Opferbetreuung – Polizeiarbeit und Soziale Arbeit  

Im Anschluss an die Vorträge der beiden Polizeipräsidenten findet eine offene Gesprächsrunde statt. Professorin Dr. Julia Wege kommt im Kontext ihrer Lehr- und Forschungstätigkeit im Bereich der Sozialen Arbeit auf das Thema Opferbetreuung als Teil der Polizeiarbeit zu sprechen. Bei ihrer Antwort sind sich die beiden Polizeipräsidenten einig: Opferbetreuung ist ein elementarer Bestandteil von Polizeiarbeit und genauso wichtig wie die eigentlichen Ermittlungen. Opfer von Verbrechen befinden sich in Ausnahmesituationen, sind äußerst sensibel und haben gleichzeitig ein großes Bedürfnis nach Informationen und Aufklärung. Daher ist es vonseiten der Polizei wichtig, realistisch zu informieren. Aufgrund ihrer Vulnerabilität müssen manche Opfer langfristig betreut und geschützt werden, da es teilweise zur sogenannten Täter-Opfer-Umkehr kommen kann. Dies wird beispielsweise durch den kriminalpsychologischen Einsatzdienst ermöglicht.
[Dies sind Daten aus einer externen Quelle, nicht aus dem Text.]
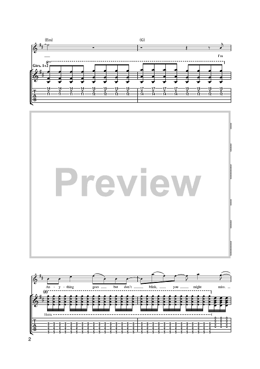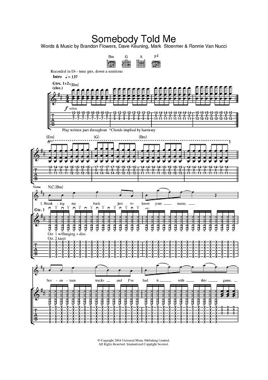 Digital Sheet Music for Somebody Told Me by Brandon Flowers, Dave Keuning, The Killers, Mark Stoermer, Ronnie Van Nucci, Ronnie Vannucci Jr. scored for Guitar Tab; id:384325

Opferbetreuung ist ebenfalls Teil von Sozialer Arbeit. Claudia Gosner, Studentin der Sozialen Arbeit an der RWU, absolviert zurzeit ihr Praxissemester bei der Arkade e.V., einer Beratungsstelle für Menschen in Not. Sie ist Teil eines Teams, das Sexarbeiterinnen berät, Hilfe vermittelt und bei beruflicher Neuorientierung begleitet. MISA Streetwork leistet neben Beratungsarbeit auch Aufklärungs- und Präventionsarbeit. „Wir sind da, helfen und unterstützen die Frauen“, berichtet Gosner enthusiastisch von ihrer Arbeit.

10.000 € Spendengelder für Beratung, Prävention, Forschung und Förderung

Ein zweites Highlight neben dem Vortrag der beiden Polizeipräsidenten bildet die abschließende Spendenübergabe: Dr. Richard Heil aus Mannheim spendet der Arkade e.V. und der RWU insgesamt 10.000 Euro, die zum einen in Beratungsarbeit und Nothilfe, zum anderen in Forschung und die Förderung von wissenschaftlichem Nachwuchs im Studiengang Soziale Arbeit investiert werden sollen. Das Thema Soziale Arbeit soll nicht nur in Weingarten, sondern in der ganzen Gesellschaft sichtbarer und verankert werden. Prorektor Professor Dr. Michael Pfeffer bedankt sich im Namen der RWU bei Richard Heil für dessen großzügige Spende und würdigt: „Ohne Persönlichkeiten wie Dr. Heil wären viele Dinge nicht möglich.“

Zum Schluss ergreift Richard Heil selbst das Wort: „Ich möchte Sie alle dazu ermutigen, engagiert zu sein, zu hinterfragen und sich aktiv einzubringen.“ Sozialarbeiterinnen und Sozialarbeiter werden in allen denkbaren Bereichen der Gesellschaft gebraucht. Allen voran sind Frauen als Betroffene zu nennen: Sie machen 50 Prozent der deutschen Bevölkerung aus. In Deutschland wird jede dritte Frau mindestens einmal in ihrem Leben Opfer von physischer und/oder sexualisierter Gewalt. Etwa jede vierte Frau wird mindestens einmal Opfer körperlicher oder sexualisierter Gewalt durch ihren aktuellen oder durch ihren früheren Partner. „Unser aller Ziel sollte es sein, die Freiheit vor allem von Frauen zu schützen und die Gesellschaft für jeden und jede zu einem sicheren Ort zu machen“, so Heils Schlussworte, die mit Beifall gewürdigt wurden.